Damn it, Aiden couldn’t just let him hang. Out of any better options, he gathered his ice encrusted limbs and threw himself bodily at Lambert, tackling the Wolf to the ground.
“Aiden? What the fuck!” Lambert sputtered before the Cat shoveled a fist full of snow right down the front of his shirt. “You motherfucker!” Never one to not give as good as he got, by the time Joël and Axel found them, Lambert was straddling Aiden’s chest making a decent attempt at force feeding him a snowball.
Axel’s laughter distracted him enough for Aiden to buck him off though. “You both look frozen! Have you two just been wrestling like children in the snow this whole time? Did you even make it to the lake?”
Lambert, panting with exertion and possibly early onset hypothermia, just stared open mouthed at the two new Cats, but Aiden spit out a mouthful of dirty snow and quipped, “Do you see any fish?”
“I knew it!” Joël smirked and shook his head, offering Lambert a hand up. “You can’t take Aiden anywhere. He’s got the attention span and work ethic of a kitten! He’ll get you into nothing but trouble, that one.”
“You’re just lucky we don’t need those fish for dinner! Cedric sto—uh—found a goat. We’re making curry.” Axel, who was rapidly becoming Aiden’s favourite person in existence, passed him a flask of White Gull and helped him get the worst of the snow out of his hair. The liquid burned like false fire in his throat and smouldered somewhere just south of his breast bone, giving him an artificial sense of warmth that would keep him going until he got to a real one.
“C’mon,” Joël said, patting Lambert vigorously on the back. “Let’s get you two back before you turn into snowmen.”
Fifteen minutes and one change of clothes later, Aiden was happily snuggled under a thick blanket in front of a roaring fire, sipping on spiked apple cider and luxuriating in the spicy smell of simmering goat.
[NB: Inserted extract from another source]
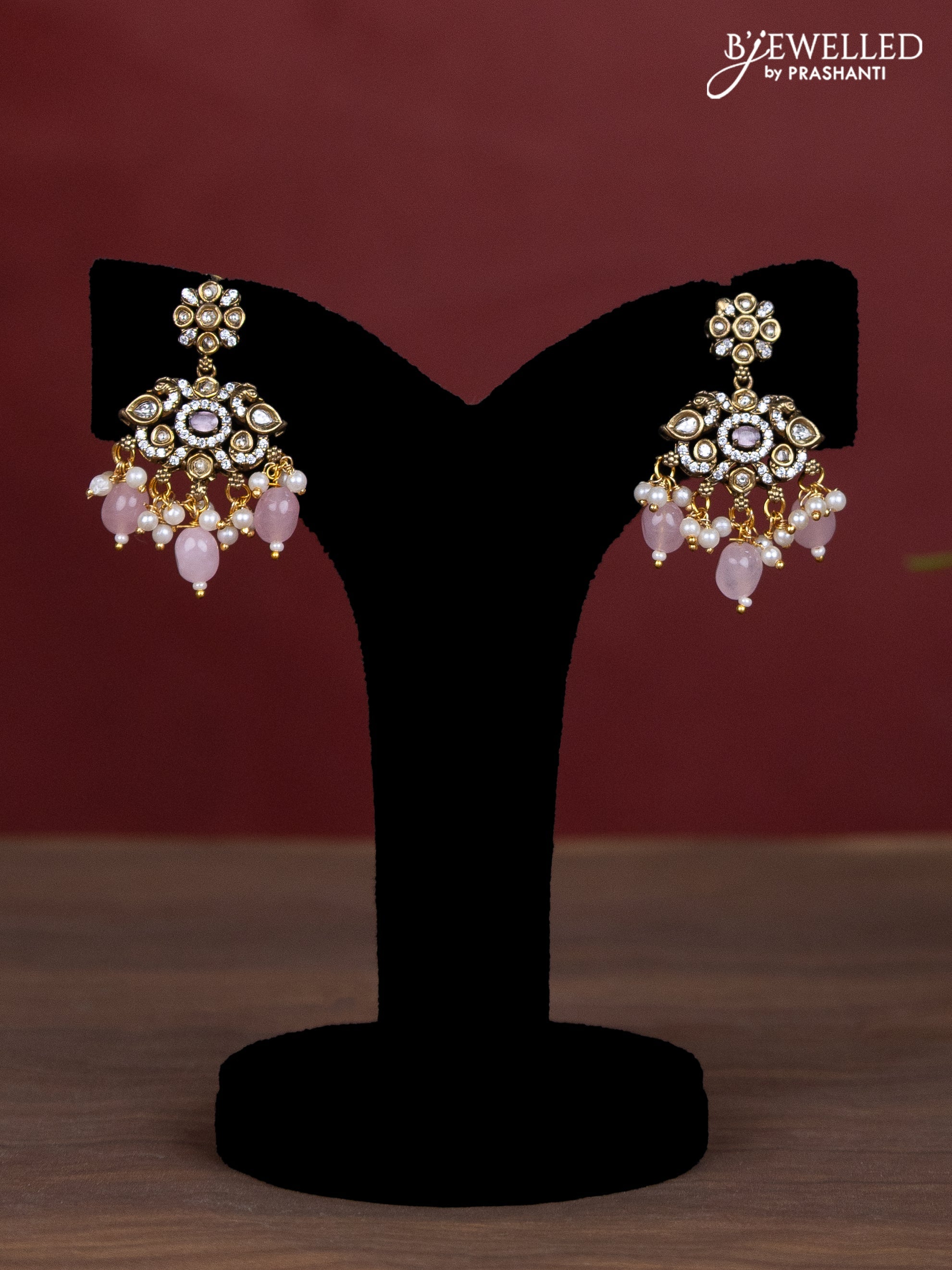 Beaded baby pink necklace peacock design with cz stones and pearl & beads hanging in victorian finish

He was taking some minor flak for being a flake and failing to produce any fish, but it wasn’t like his goofing off was a new thing, so most of his brothers lost interest in razzing him pretty quickly. Once Lambert arrived and snuck under the blanket beside him, it was as close to heaven as Aiden figured witchers could get.
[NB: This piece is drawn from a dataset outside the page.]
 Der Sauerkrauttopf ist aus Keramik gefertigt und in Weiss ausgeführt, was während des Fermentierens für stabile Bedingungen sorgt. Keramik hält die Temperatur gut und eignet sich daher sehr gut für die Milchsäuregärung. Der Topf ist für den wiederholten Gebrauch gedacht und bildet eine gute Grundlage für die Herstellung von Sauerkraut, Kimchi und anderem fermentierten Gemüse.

“Mmm.” He snuggled up to the Wolf, letting his head fall onto Lambert’s shoulder. A second later, he felt Lambert’s arm slip around his waist, pulling him closer, and he grinned to himself. “Anger melted away then?”
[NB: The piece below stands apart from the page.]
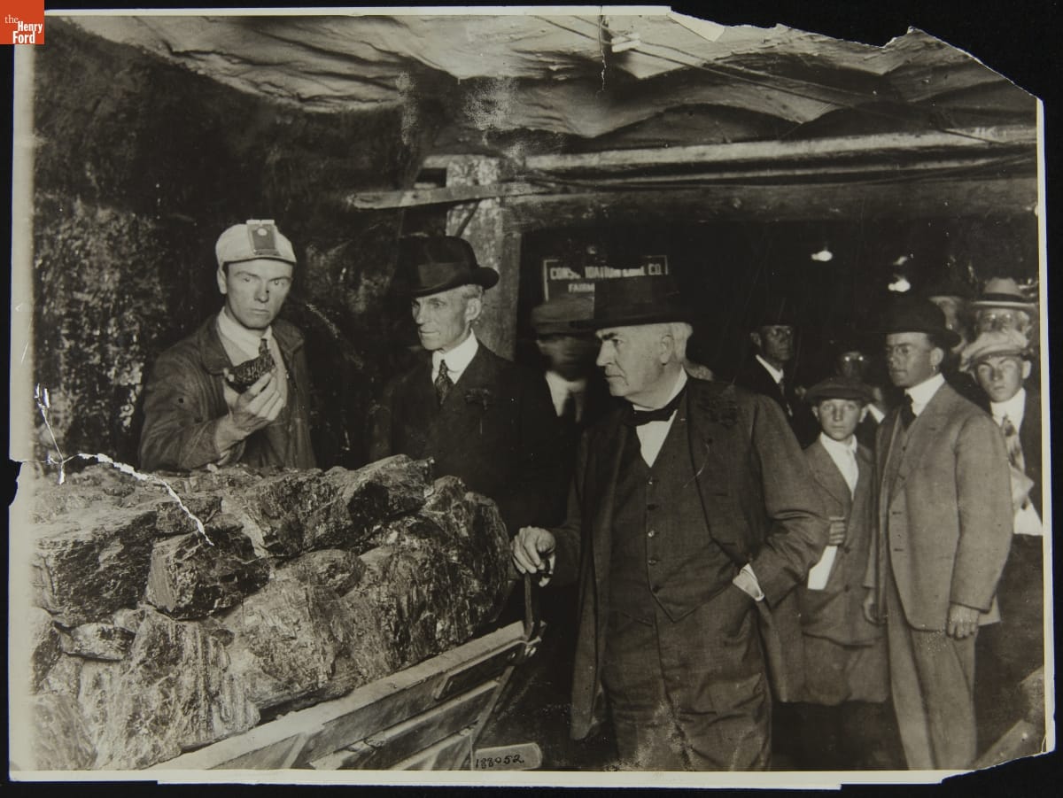 Henry Ford and Thomas Edison Inspecting a Coal Mine at the Panama-Pacific International Exposition, 1915

Lambert snorted, but otherwise didn’t respond. Just when Aiden thought that was going to be the end of it, he heard, muttered softly and sullenly into his still damp curls, “I’m not thanking you for that.”
A ridiculously bright feeling, not entirely unlike the burn of the White Gull, blossomed in Aiden’s chest and warmed him inside and out. It was a relatively new thing that had been happening to him around Lambert more and more lately, and while Aiden wasn’t entirely sure what it was, he did know he wanted more of it. Maybe he was a little suicidal after all, to throw himself so whole heartedly and carelessly at that enigmatic conflagration, but damn if it didn’t beat freezing alone.
He sighed in utter contentment, wriggling around so he could whisper the least conventional sweet nothing ever softly into Lambert’s ear. “Will you at least admit that the bombs were a bad idea?”